▸ WHAT TO PRODUCE: Under this line sits a listing. Repeat exactly and only its lines from the one holding "Top End Table" through the one holding "田町駅至近、JRの線路と第一"; skip pictures.

▸ INPUT DATA:
--- --- ---

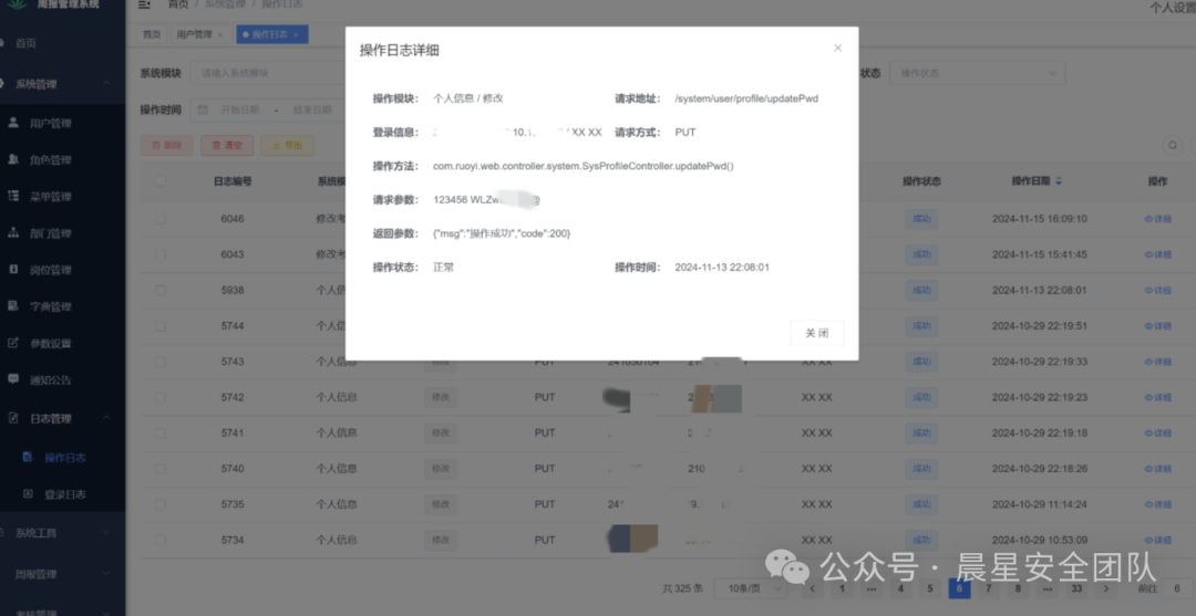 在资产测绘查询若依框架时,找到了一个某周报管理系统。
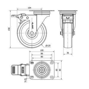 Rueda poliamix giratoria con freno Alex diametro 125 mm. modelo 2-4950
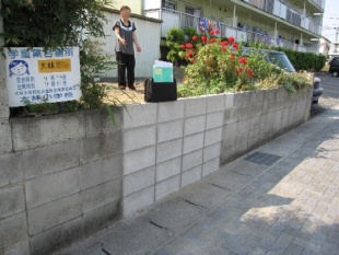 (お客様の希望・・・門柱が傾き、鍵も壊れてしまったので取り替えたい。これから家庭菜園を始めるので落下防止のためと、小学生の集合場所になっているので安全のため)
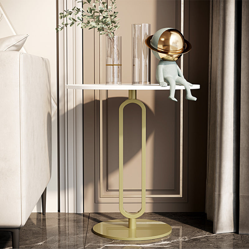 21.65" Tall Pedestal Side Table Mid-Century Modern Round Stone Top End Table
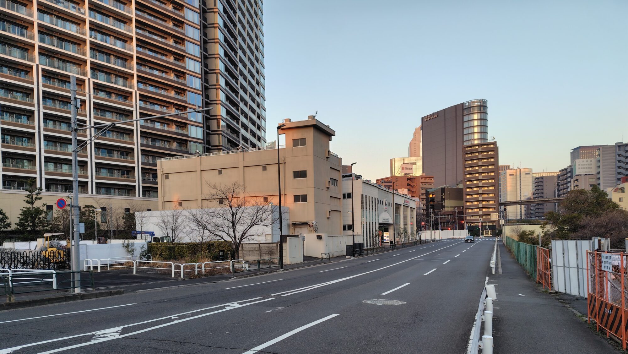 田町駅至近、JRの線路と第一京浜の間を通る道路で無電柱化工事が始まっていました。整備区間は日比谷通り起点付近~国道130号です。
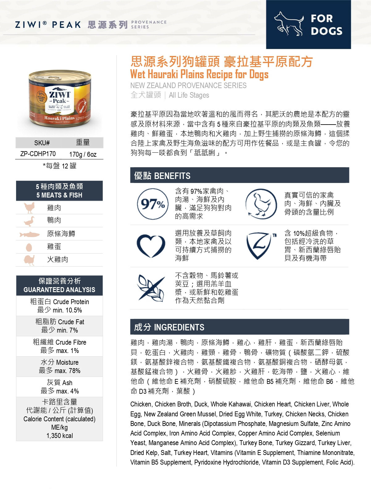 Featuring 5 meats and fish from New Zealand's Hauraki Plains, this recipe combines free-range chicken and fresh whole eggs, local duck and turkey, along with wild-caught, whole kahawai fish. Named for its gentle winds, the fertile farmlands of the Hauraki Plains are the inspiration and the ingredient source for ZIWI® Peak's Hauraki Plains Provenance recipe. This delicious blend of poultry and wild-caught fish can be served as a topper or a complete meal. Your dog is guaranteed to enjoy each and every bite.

--- --- ---

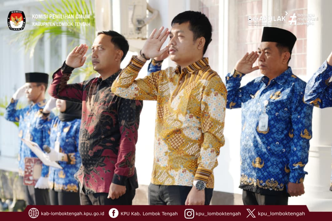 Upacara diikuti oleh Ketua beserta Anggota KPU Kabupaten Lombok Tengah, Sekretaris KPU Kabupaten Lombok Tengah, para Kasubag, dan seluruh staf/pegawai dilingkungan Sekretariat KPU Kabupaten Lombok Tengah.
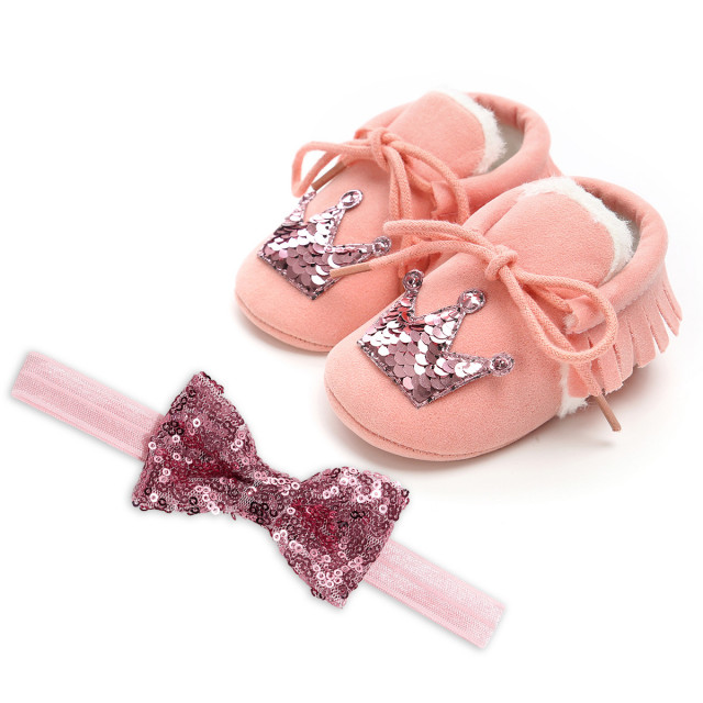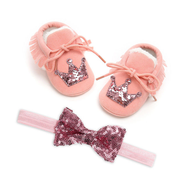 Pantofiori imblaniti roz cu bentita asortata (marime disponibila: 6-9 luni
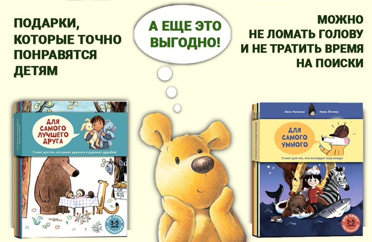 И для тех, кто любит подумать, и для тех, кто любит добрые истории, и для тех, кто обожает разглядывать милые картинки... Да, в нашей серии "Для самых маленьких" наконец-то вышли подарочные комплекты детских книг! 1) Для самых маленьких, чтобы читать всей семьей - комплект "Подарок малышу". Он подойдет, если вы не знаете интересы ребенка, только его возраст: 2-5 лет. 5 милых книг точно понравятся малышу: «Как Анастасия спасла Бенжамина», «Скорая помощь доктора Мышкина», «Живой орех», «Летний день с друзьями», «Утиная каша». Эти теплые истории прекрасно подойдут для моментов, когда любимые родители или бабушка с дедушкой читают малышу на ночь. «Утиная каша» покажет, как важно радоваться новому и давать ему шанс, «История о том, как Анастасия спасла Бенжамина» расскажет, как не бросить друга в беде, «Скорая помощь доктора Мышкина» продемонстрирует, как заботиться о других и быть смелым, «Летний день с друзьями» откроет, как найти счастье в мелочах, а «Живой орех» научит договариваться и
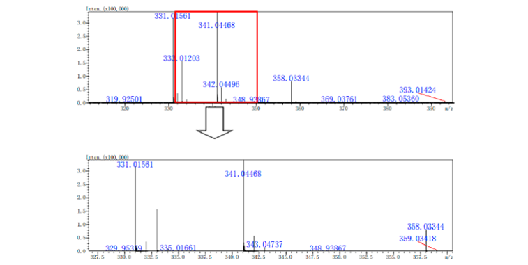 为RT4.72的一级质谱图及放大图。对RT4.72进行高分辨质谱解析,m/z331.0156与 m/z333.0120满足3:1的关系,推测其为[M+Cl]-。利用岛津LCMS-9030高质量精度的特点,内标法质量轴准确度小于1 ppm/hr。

--- --- ---

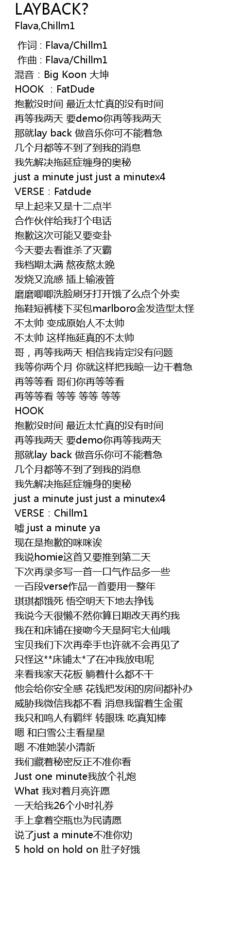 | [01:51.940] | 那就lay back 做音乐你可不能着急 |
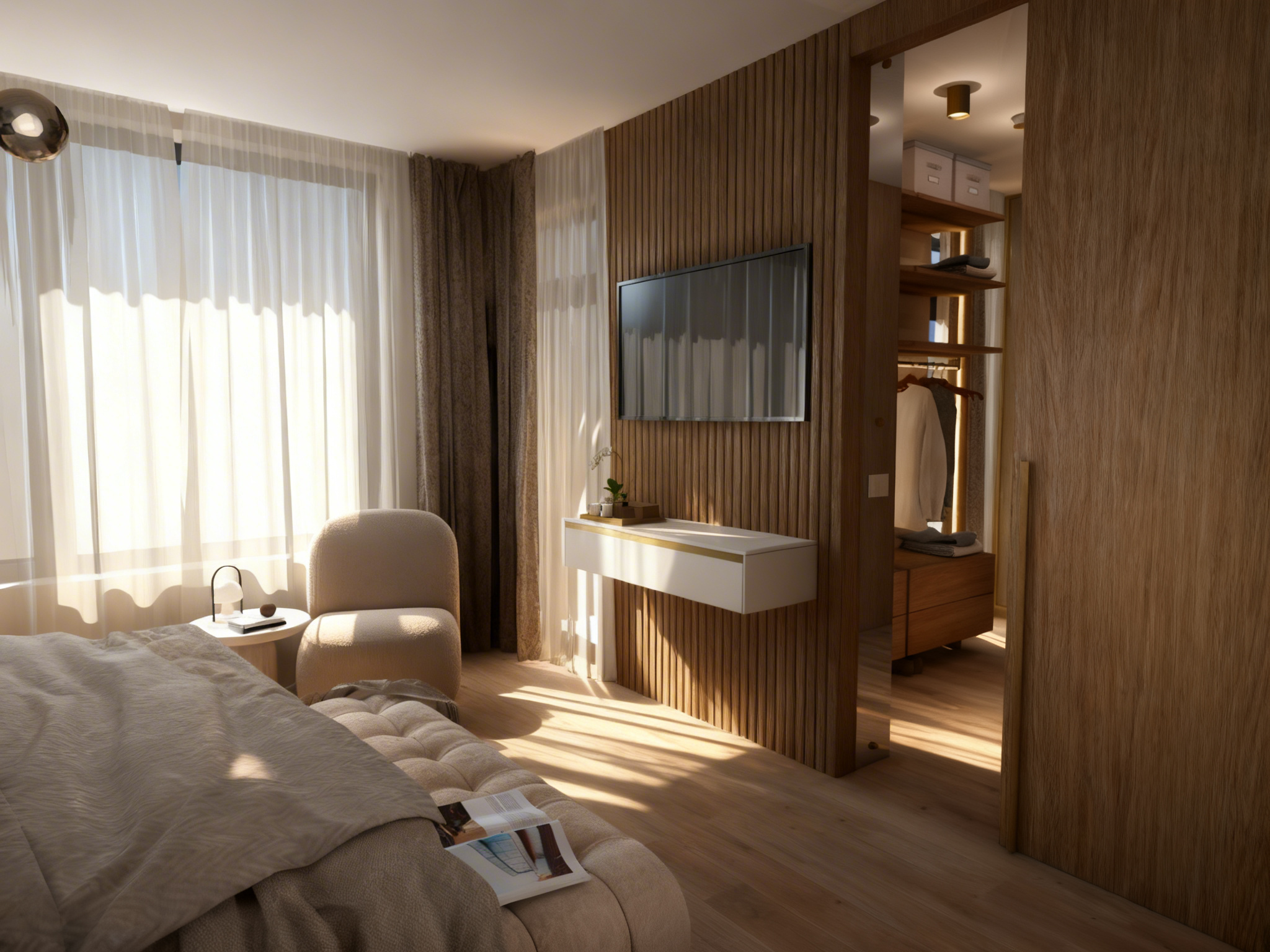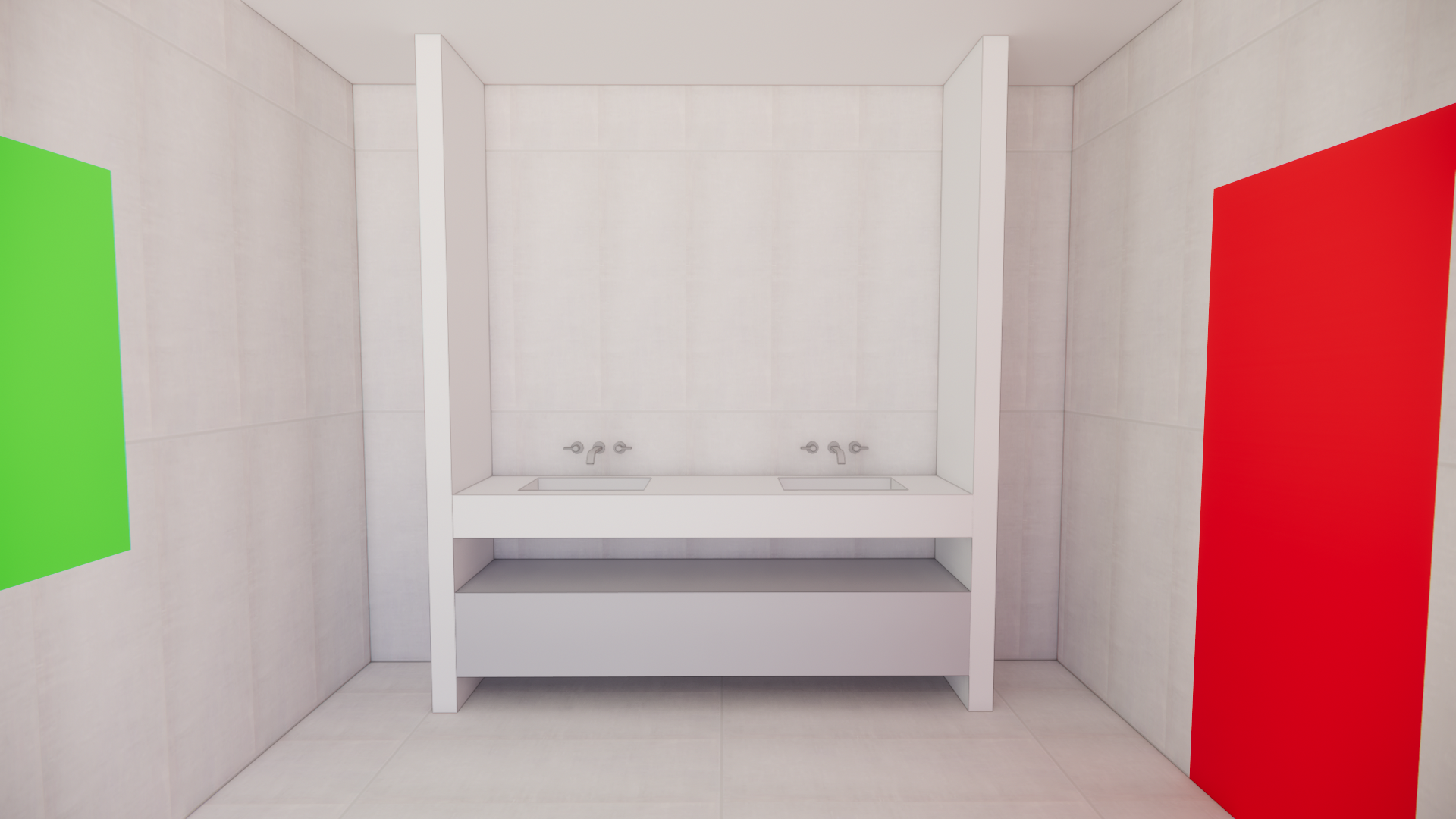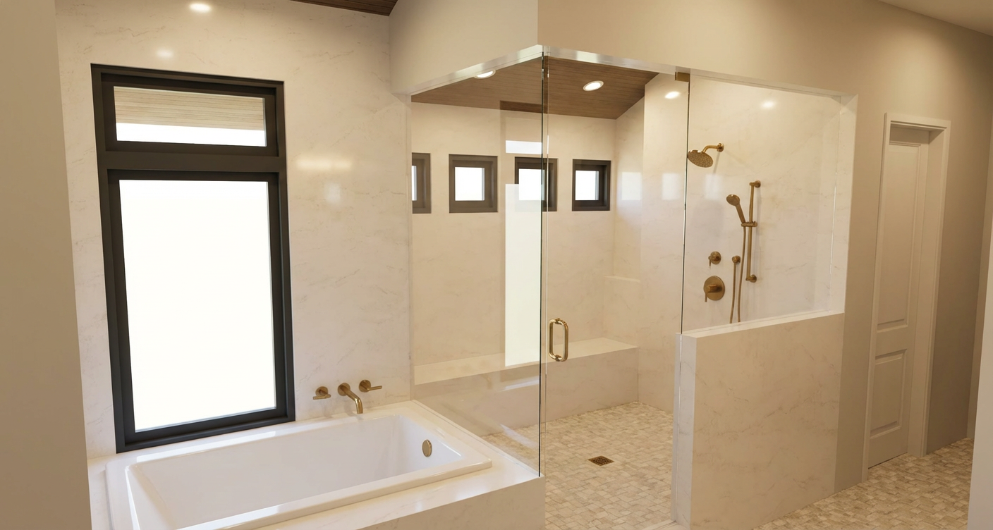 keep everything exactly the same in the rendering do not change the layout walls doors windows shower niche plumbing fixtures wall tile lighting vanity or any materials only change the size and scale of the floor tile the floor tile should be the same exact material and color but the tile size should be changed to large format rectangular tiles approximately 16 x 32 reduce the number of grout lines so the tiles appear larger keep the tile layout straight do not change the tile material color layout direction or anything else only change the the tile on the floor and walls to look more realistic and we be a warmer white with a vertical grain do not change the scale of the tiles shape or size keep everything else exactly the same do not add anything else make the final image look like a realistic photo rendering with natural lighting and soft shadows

--- --- ---

▸ RESULT OF THE EXERCISE:
 21.65" Tall Pedestal Side Table Mid-Century Modern Round Stone Top End Table
 田町駅至近、JRの線路と第一京浜の間を通る道路で無電柱化工事が始まっていました。整備区間は日比谷通り起点付近~国道130号です。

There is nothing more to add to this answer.